■ WHAT YOU HAVE TO DO
Beginning with the line below that contains "2020年4月17日 17時28分石川県警察及び教育委員会より、" and ending with the line that contains "ulubioną laleczkę LOL.", retype every line exactly. Pictures are not copied.

■ GIVEN RECORDS
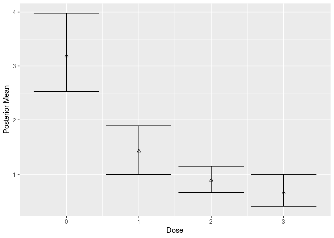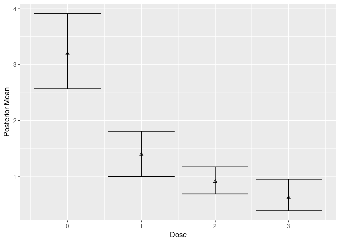post <- posterior(mcmc, contrast = matrix(1, 1, 1), doses = 0:3)
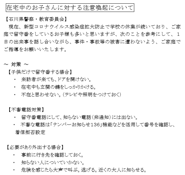 2020年4月17日 17時28分石川県警察及び教育委員会より、
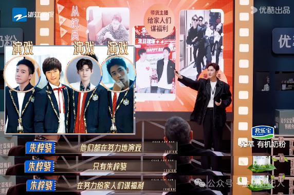 朱梓骁曾表示,演员不是一个主动的行业,永远是被选择的状态。而直播带货这件事," 几乎是把我前 30 年被压抑那些情绪发挥到了极致。" 最近在参加《无限超越班》时,他又表示,曾认为自己会在带货舒适圈做一辈子,来了节目后,他明白演戏才是他想坚持的事,带货直播只是他的后路。
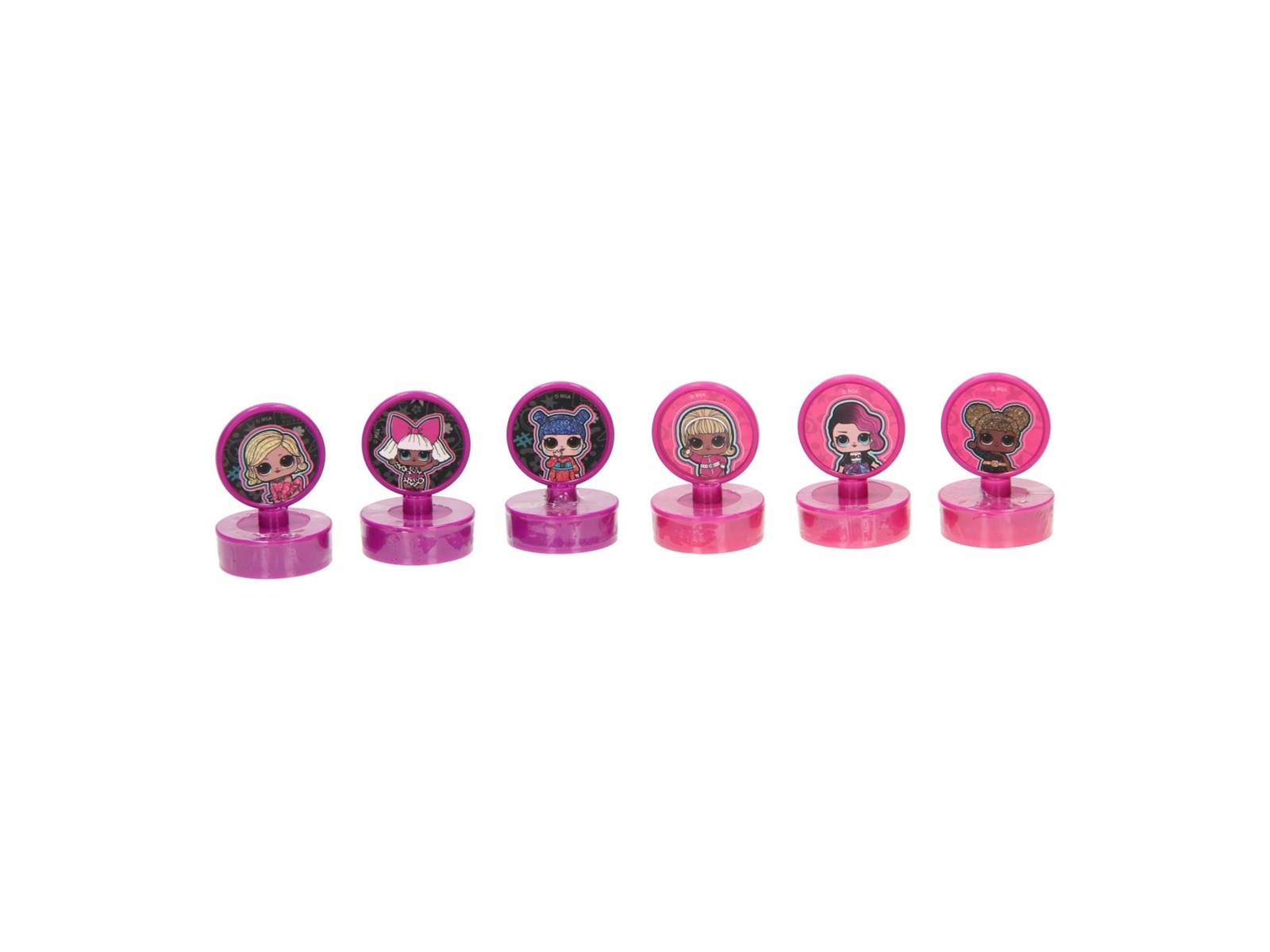 • Na każdym stempelku umieszczona nakładka z motywem przedstawiającym ulubioną laleczkę LOL.
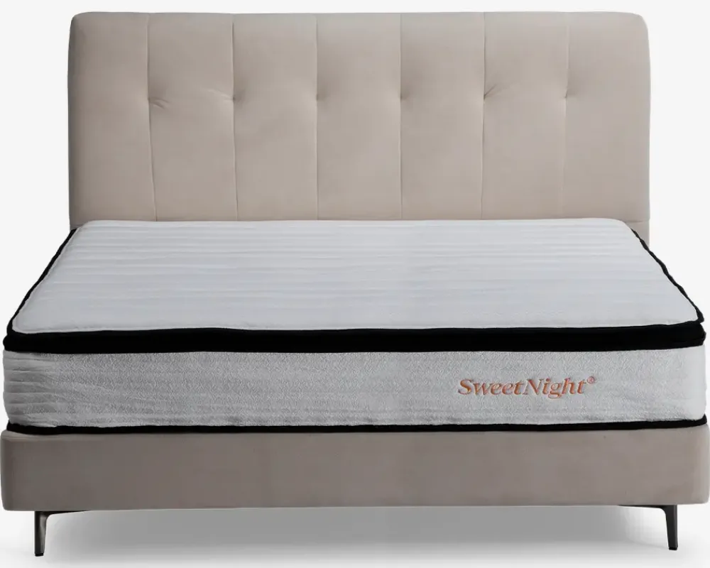 Med denne komplette seng får du en seng som tager sig flot ud i soveværelset. Den lyse beige farve passer godt ind i mange danske indretninger. Sengen bestå af en senge ramme med lamelbund og en springmadras. Springmadrassen indeholder et fjedre system med 230 posefjedre pr. m². Sengen findes som her i 180 x 200 cm, men findes også i 140 x 200 cm.Sengen kræver ingen vedligeholdelse, den rengøres med en støvsuger eller en klud vredet op i rent vand. Solen samles med hjælp fra den vedlagte samlevejledning. Vi anbefaler at I er to om at samle og flytte sengen, på den måde undgår du skader på produktet og på dit gulv.
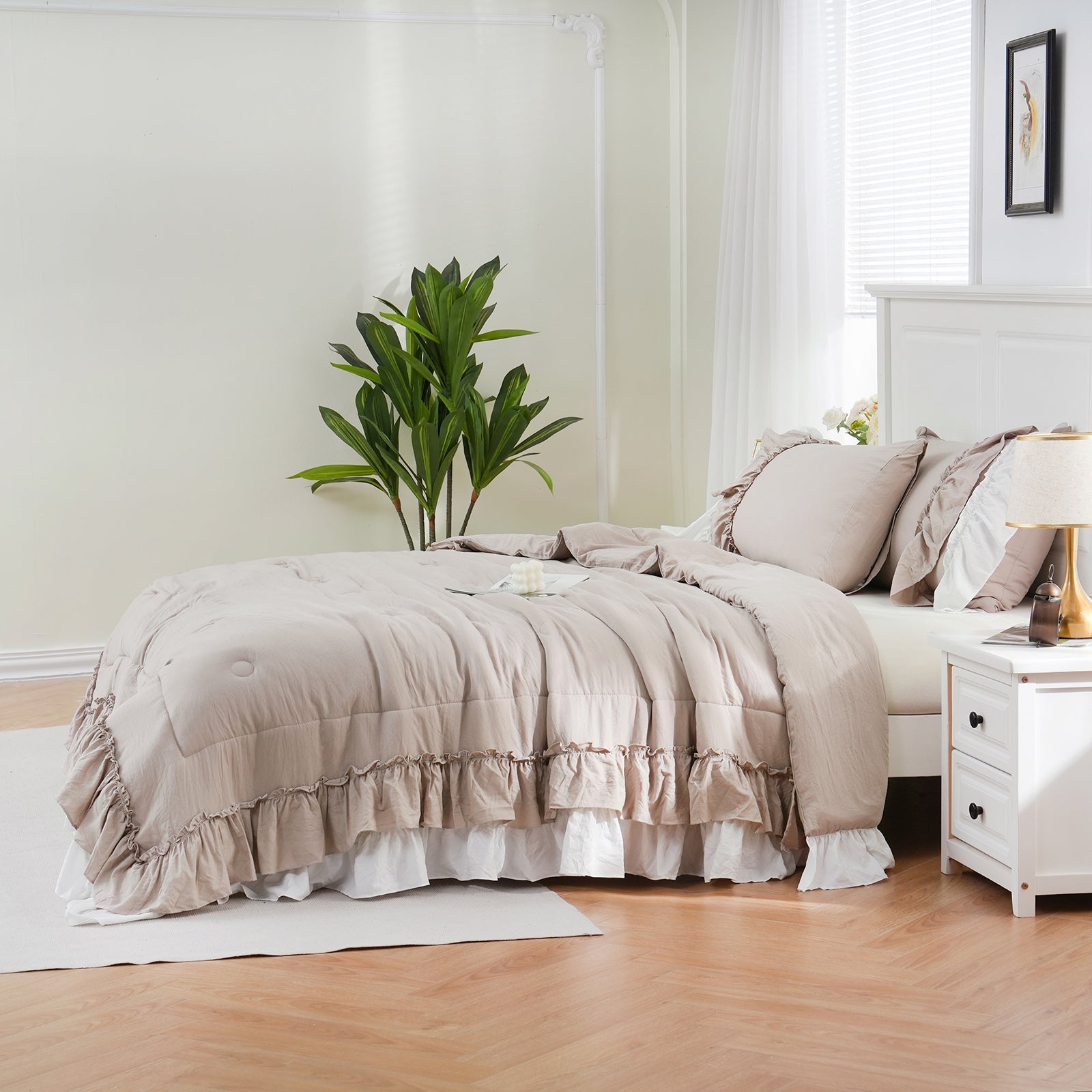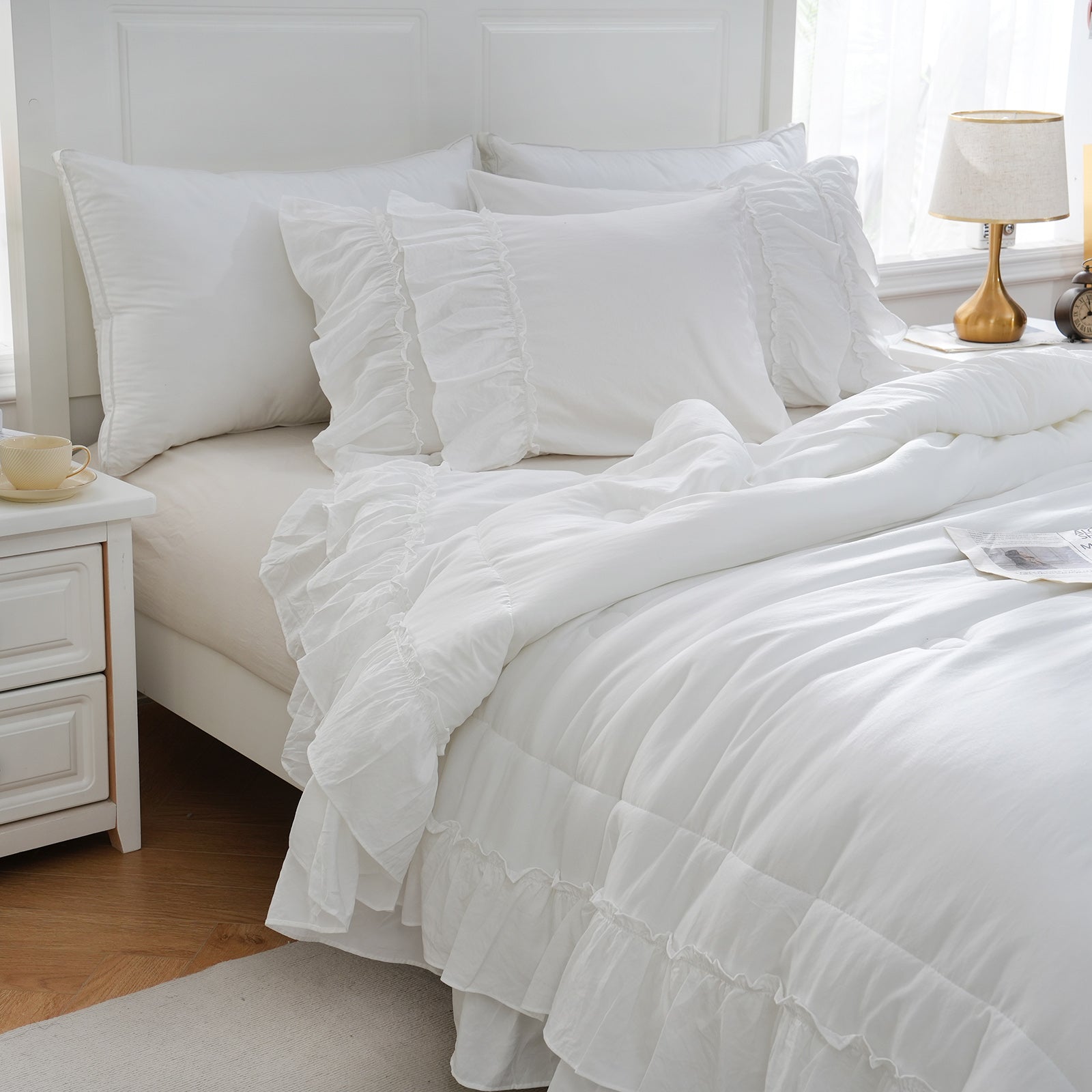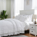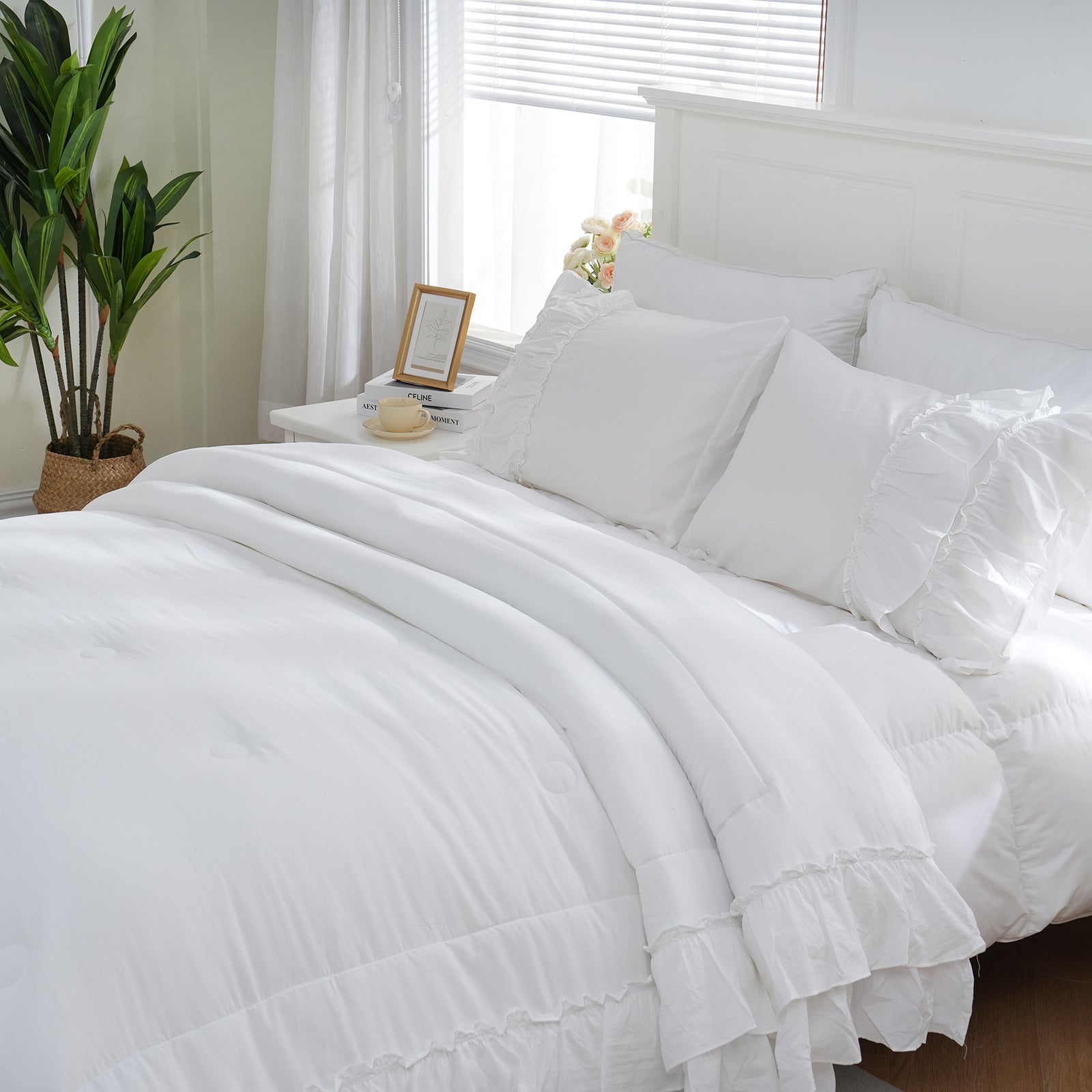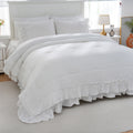 Boho Ruffle Comforter Set – 3-Piece Shabby Chic Bedding with Double-Layer Hand-Sewn Ruffles, Soft Microfiber Quilt for All Seasons
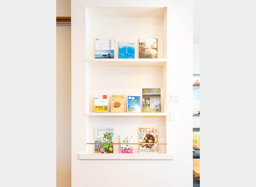 壁を利用して、アクセントになる飾り棚を作りました。菜園やお料理に関する本が、手に取りやすく並べてあります。

■ WRITTEN SOLUTION
 2020年4月17日 17時28分石川県警察及び教育委員会より、
 朱梓骁曾表示,演员不是一个主动的行业,永远是被选择的状态。而直播带货这件事," 几乎是把我前 30 年被压抑那些情绪发挥到了极致。" 最近在参加《无限超越班》时,他又表示,曾认为自己会在带货舒适圈做一辈子,来了节目后,他明白演戏才是他想坚持的事,带货直播只是他的后路。
 • Na każdym stempelku umieszczona nakładka z motywem przedstawiającym ulubioną laleczkę LOL.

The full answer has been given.